RECORDS FOR THE EXERCISE:

──────────────────────────────

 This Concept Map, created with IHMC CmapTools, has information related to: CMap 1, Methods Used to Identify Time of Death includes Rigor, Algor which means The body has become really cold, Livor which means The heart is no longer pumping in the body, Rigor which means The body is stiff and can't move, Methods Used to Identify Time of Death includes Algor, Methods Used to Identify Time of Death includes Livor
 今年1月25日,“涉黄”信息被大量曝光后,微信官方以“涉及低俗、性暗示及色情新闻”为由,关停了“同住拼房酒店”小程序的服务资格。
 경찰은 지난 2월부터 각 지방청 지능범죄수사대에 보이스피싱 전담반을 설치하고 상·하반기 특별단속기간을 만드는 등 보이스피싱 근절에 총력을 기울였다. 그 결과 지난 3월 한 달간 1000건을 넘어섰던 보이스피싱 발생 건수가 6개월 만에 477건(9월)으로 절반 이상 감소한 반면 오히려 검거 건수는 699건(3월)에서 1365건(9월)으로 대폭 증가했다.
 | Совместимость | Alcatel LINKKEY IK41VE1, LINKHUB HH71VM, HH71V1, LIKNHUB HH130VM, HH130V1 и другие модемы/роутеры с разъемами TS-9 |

──────────────────────────────

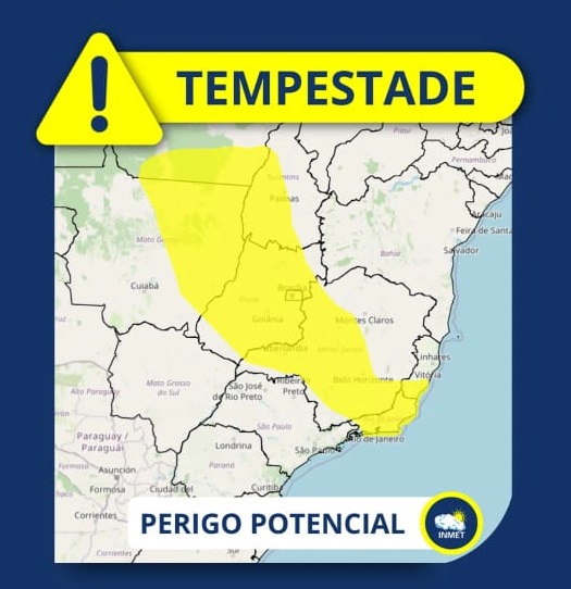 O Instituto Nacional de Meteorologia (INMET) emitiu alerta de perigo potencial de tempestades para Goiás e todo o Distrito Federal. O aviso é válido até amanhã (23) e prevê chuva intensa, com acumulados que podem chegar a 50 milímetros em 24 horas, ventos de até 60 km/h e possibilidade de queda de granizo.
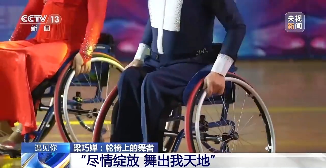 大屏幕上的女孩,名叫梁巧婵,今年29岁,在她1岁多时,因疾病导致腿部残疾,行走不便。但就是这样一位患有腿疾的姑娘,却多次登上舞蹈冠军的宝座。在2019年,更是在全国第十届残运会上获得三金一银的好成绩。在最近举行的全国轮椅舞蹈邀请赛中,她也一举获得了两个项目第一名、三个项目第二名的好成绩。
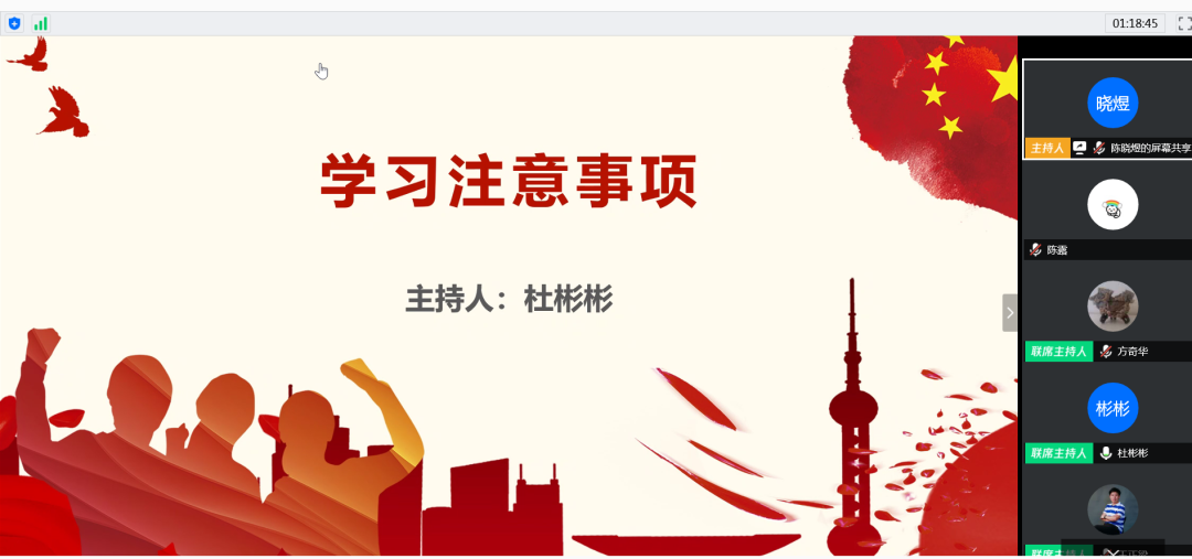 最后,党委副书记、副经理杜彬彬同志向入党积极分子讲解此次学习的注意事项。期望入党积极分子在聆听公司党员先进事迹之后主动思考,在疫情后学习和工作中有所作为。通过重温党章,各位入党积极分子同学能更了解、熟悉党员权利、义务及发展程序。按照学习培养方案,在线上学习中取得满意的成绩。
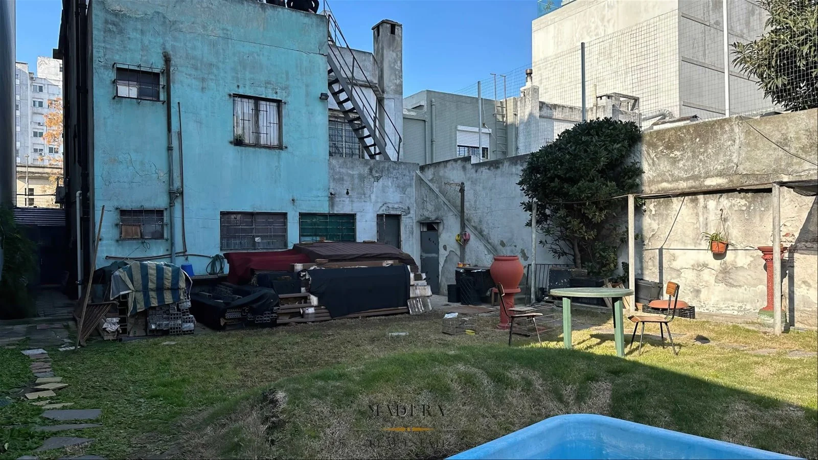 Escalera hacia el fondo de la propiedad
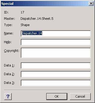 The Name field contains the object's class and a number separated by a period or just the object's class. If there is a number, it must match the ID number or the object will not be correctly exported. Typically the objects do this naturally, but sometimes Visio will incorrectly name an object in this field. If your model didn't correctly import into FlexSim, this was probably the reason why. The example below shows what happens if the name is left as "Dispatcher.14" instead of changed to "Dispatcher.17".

──────────────────────────────

Above are the entries. Copy exactly the part that opens with the line containing "This Concept Map, created" and closes with the line containing "разъемами TS-9 |", and no more.

 This Concept Map, created with IHMC CmapTools, has information related to: CMap 1, Methods Used to Identify Time of Death includes Rigor, Algor which means The body has become really cold, Livor which means The heart is no longer pumping in the body, Rigor which means The body is stiff and can't move, Methods Used to Identify Time of Death includes Algor, Methods Used to Identify Time of Death includes Livor
 今年1月25日,“涉黄”信息被大量曝光后,微信官方以“涉及低俗、性暗示及色情新闻”为由,关停了“同住拼房酒店”小程序的服务资格。
 경찰은 지난 2월부터 각 지방청 지능범죄수사대에 보이스피싱 전담반을 설치하고 상·하반기 특별단속기간을 만드는 등 보이스피싱 근절에 총력을 기울였다. 그 결과 지난 3월 한 달간 1000건을 넘어섰던 보이스피싱 발생 건수가 6개월 만에 477건(9월)으로 절반 이상 감소한 반면 오히려 검거 건수는 699건(3월)에서 1365건(9월)으로 대폭 증가했다.
 | Совместимость | Alcatel LINKKEY IK41VE1, LINKHUB HH71VM, HH71V1, LIKNHUB HH130VM, HH130V1 и другие модемы/роутеры с разъемами TS-9 |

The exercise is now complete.